● Try it
Copy out each line of the material exactly. Pictures do not belong in the copy.

● Provided material

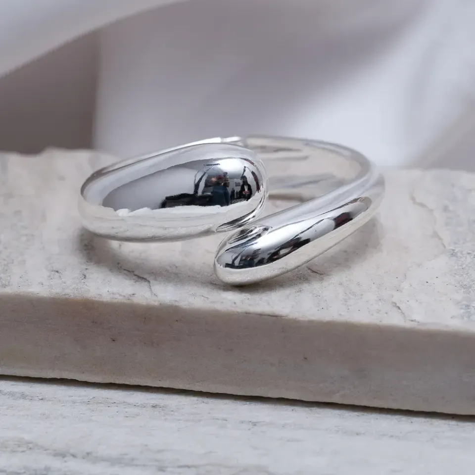 BRACELETE ABAULADO ABERTO BANHO PRATA
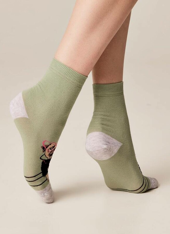 Хлопковые носки классической длины. Комфортная широкая резинка. Необычный пушистый мягкий рисунок. При носке комфортно, но притягивает взгляды. Очень мило.
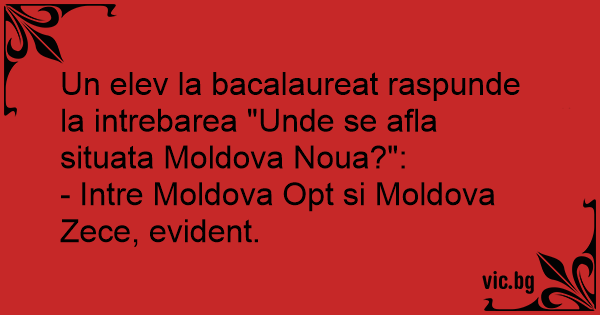 Un elev la bacalaureat raspunde la intrebarea "Unde se afla situata Moldova Noua?":
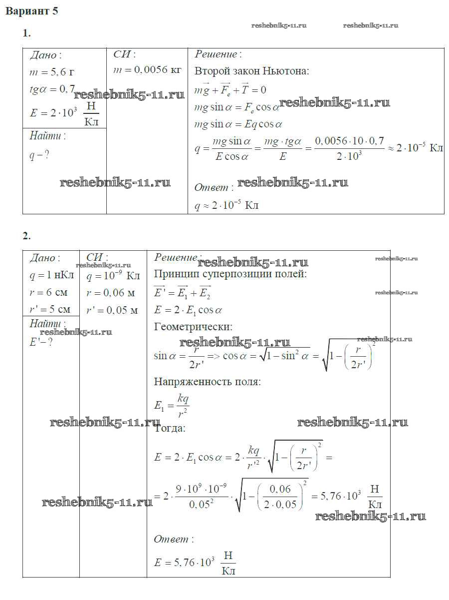 Готовая домашняя работа с ответами по Физике за 10 класс Ерюткин, Ерюткина Самостоятельные и контрольные работы Базовый и углубленный уровень Просвещение 2018 ФГОС - СР №2 5
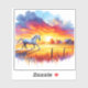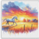 Un impresionante caballo se pasea con gracia a través de un campo acuático vívido al atardecer. Los cálidos tonos naranja y rosa contrastan con el entorno rural de una casa de campo y una valla rústica, creando un ambiente pintoresco y sereno.
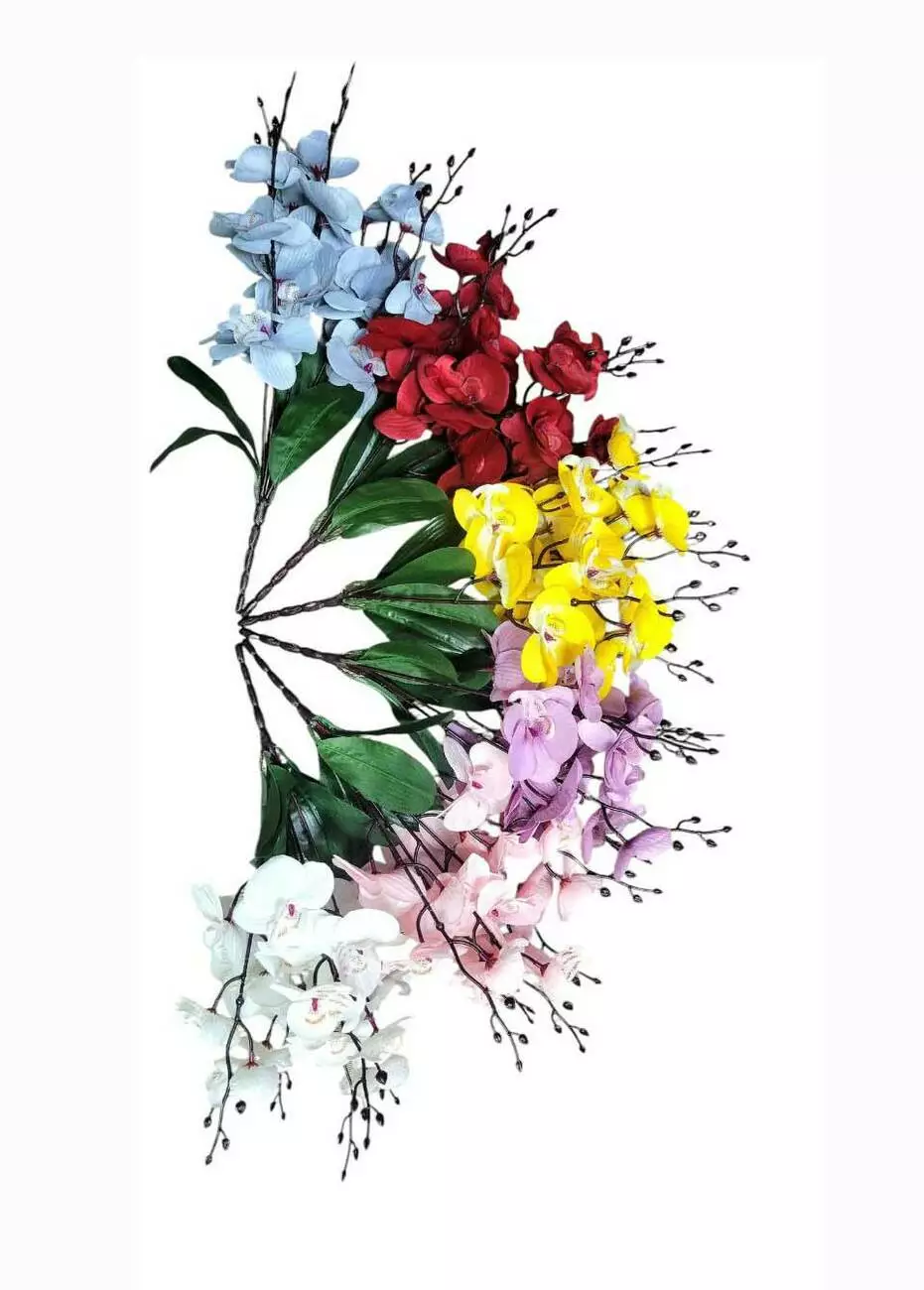 Букет штучний орхідеї з щільної бавовни на 5 гілок, 4 шовкових
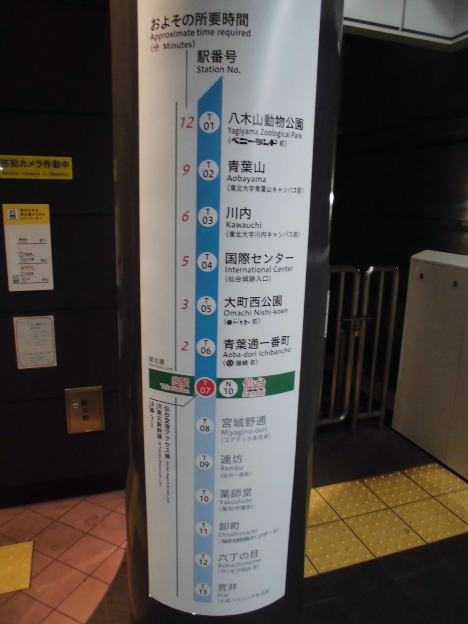 仙台市の地下鉄で仙台駅から大町西公園まで乗りました。エレベーターで結構下ったのを覚えています。大町西公園のあたりだと地下ではなくて地上からも見えるという東京の東西線と名前だけでなくこういうところも一緒だったのが面白く感じました。
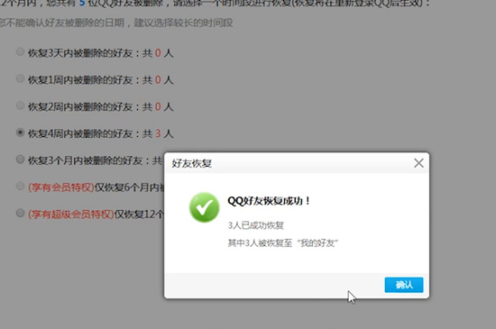 4、最后点击“恢复QQ好友”,勾选需要恢复的时间段内的好友,最后点击申请恢复即可。
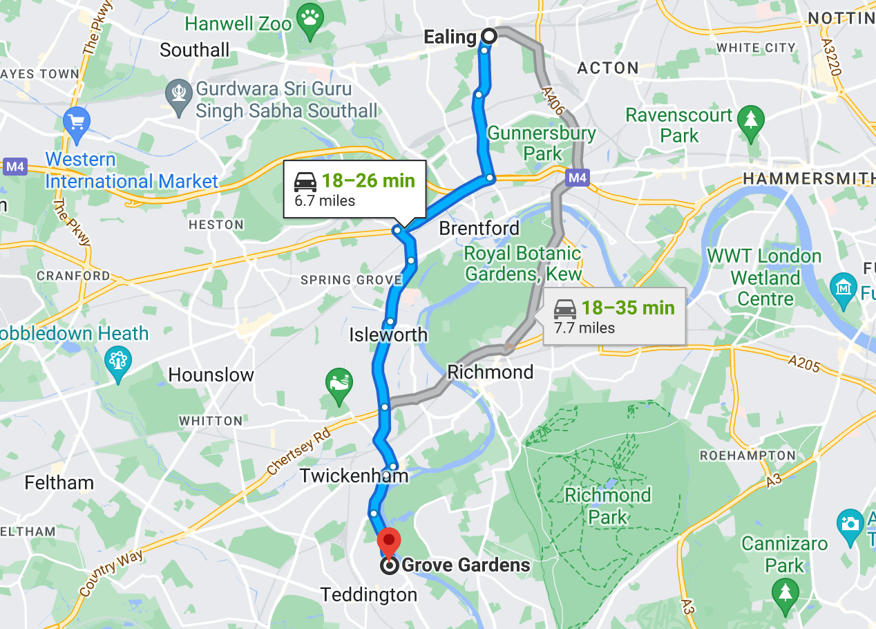 Guitar lessons with Stuart now take place at his home in Grove Gardens, Teddington. It’s a short drive from Ealing. Head south to the A4, head west along the A4 until you can turn south down Spur Road and then Twickenham Road. Cross the A316 and go through Twickenham High Street. Finally turn left down the A310 which will take you all the way to Grove Gardens.
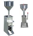 原理及特点: 该灌装机容量为50g,使用时旋转容量调节钮,观看刻度表。指针对准你所需的容量,然后扳动手柄试灌。
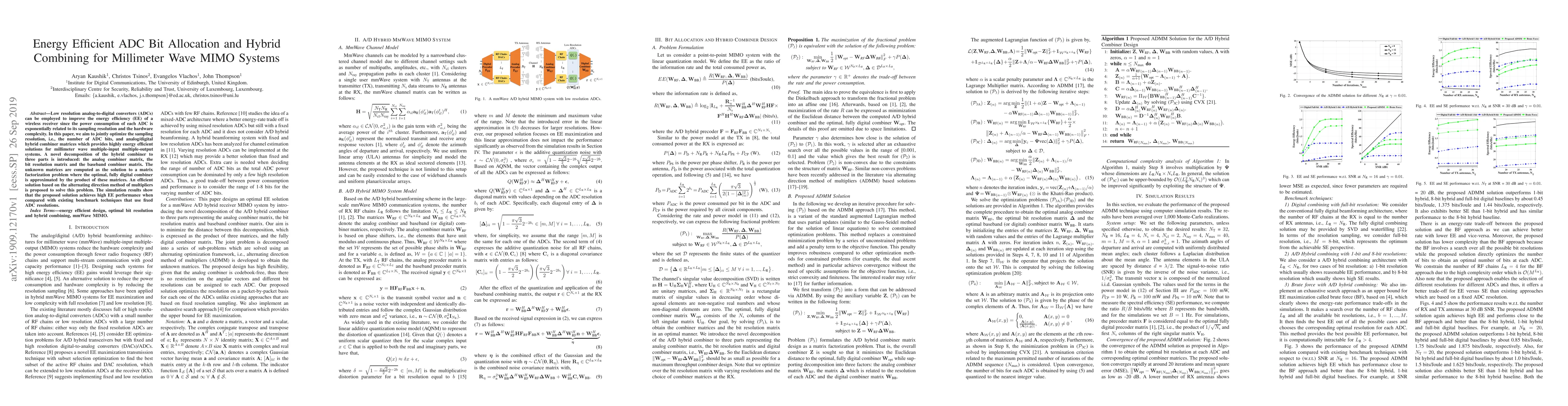 This paper proposes an energy efficient method for millimeter wave MIMO systems by optimizing the sampling resolution of ADCs and hybrid combiner matrices. It introduces a novel decomposition of the hybrid combiner and uses an alternating direction method to solve the matrix factorization problem, achieving superior energy efficiency compared to fixed ADC resolutions.
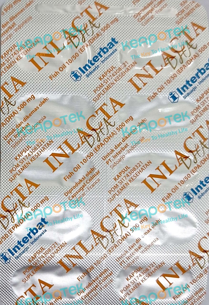 Inlacta DHA Kapsul merupakan suplemen dengan kandungan Minyak ikan, Eicosapentaenoic acid (EPA), Docosahexaenoic acid (DHA) dan Vitamin E yang digunakan untuk membantu memelihara kesehatan ibu hamil dan menyusui.
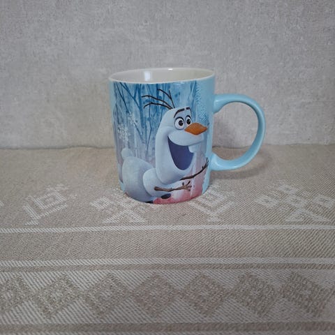 Kuvassa näkyvä Disney Frozen -muki Olaf-lumiukko. Postitus tai ToriDilli.
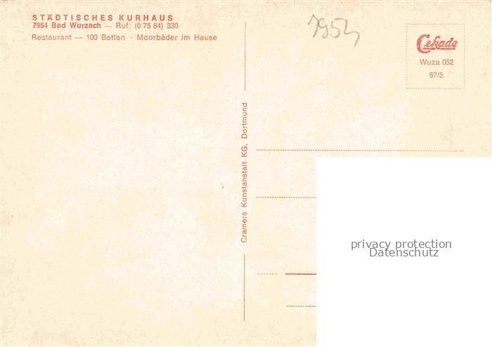 74052848 Bad Wurzach Ravensburg BW Kurhaus Restaurant postalisch nicht gelaufen Erhaltung siehe scans [FriedD77] KatCode: 11110008436010
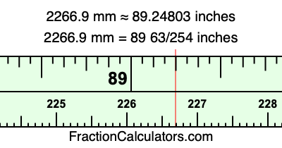 One millimeter is equal to 5/127 inches, and 2266.9 as a fraction is 22669/10. Therefore, to get the fractional answer to 2266.9 mm in inches, we multiply 22669/10 by 5/127 and simplify if necessary.
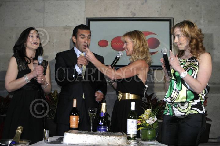 MÉXICO D.F., 04MARZO2008.- Ana Saldaña, Deby Breard y Brenda Jaet conductoras del programa Magazine acompañado de Luis Armando Melgar director general del canal televisivo Proyecto 40 celebraron su primer año al aire. FOTO: SAUL LOPEZ/CUARTOSCURO.COM

● Your solution
 BRACELETE ABAULADO ABERTO BANHO PRATA
 Хлопковые носки классической длины. Комфортная широкая резинка. Необычный пушистый мягкий рисунок. При носке комфортно, но притягивает взгляды. Очень мило.
 Un elev la bacalaureat raspunde la intrebarea "Unde se afla situata Moldova Noua?":
 Готовая домашняя работа с ответами по Физике за 10 класс Ерюткин, Ерюткина Самостоятельные и контрольные работы Базовый и углубленный уровень Просвещение 2018 ФГОС - СР №2 5
 Un impresionante caballo se pasea con gracia a través de un campo acuático vívido al atardecer. Los cálidos tonos naranja y rosa contrastan con el entorno rural de una casa de campo y una valla rústica, creando un ambiente pintoresco y sereno.
 Букет штучний орхідеї з щільної бавовни на 5 гілок, 4 шовкових
 仙台市の地下鉄で仙台駅から大町西公園まで乗りました。エレベーターで結構下ったのを覚えています。大町西公園のあたりだと地下ではなくて地上からも見えるという東京の東西線と名前だけでなくこういうところも一緒だったのが面白く感じました。
 4、最后点击“恢复QQ好友”,勾选需要恢复的时间段内的好友,最后点击申请恢复即可。
 Guitar lessons with Stuart now take place at his home in Grove Gardens, Teddington. It’s a short drive from Ealing. Head south to the A4, head west along the A4 until you can turn south down Spur Road and then Twickenham Road. Cross the A316 and go through Twickenham High Street. Finally turn left down the A310 which will take you all the way to Grove Gardens.
 原理及特点: 该灌装机容量为50g,使用时旋转容量调节钮,观看刻度表。指针对准你所需的容量,然后扳动手柄试灌。
 This paper proposes an energy efficient method for millimeter wave MIMO systems by optimizing the sampling resolution of ADCs and hybrid combiner matrices. It introduces a novel decomposition of the hybrid combiner and uses an alternating direction method to solve the matrix factorization problem, achieving superior energy efficiency compared to fixed ADC resolutions.
 Inlacta DHA Kapsul merupakan suplemen dengan kandungan Minyak ikan, Eicosapentaenoic acid (EPA), Docosahexaenoic acid (DHA) dan Vitamin E yang digunakan untuk membantu memelihara kesehatan ibu hamil dan menyusui.
 Kuvassa näkyvä Disney Frozen -muki Olaf-lumiukko. Postitus tai ToriDilli.
 74052848 Bad Wurzach Ravensburg BW Kurhaus Restaurant postalisch nicht gelaufen Erhaltung siehe scans [FriedD77] KatCode: 11110008436010
 One millimeter is equal to 5/127 inches, and 2266.9 as a fraction is 22669/10. Therefore, to get the fractional answer to 2266.9 mm in inches, we multiply 22669/10 by 5/127 and simplify if necessary.
 MÉXICO D.F., 04MARZO2008.- Ana Saldaña, Deby Breard y Brenda Jaet conductoras del programa Magazine acompañado de Luis Armando Melgar director general del canal televisivo Proyecto 40 celebraron su primer año al aire. FOTO: SAUL LOPEZ/CUARTOSCURO.COM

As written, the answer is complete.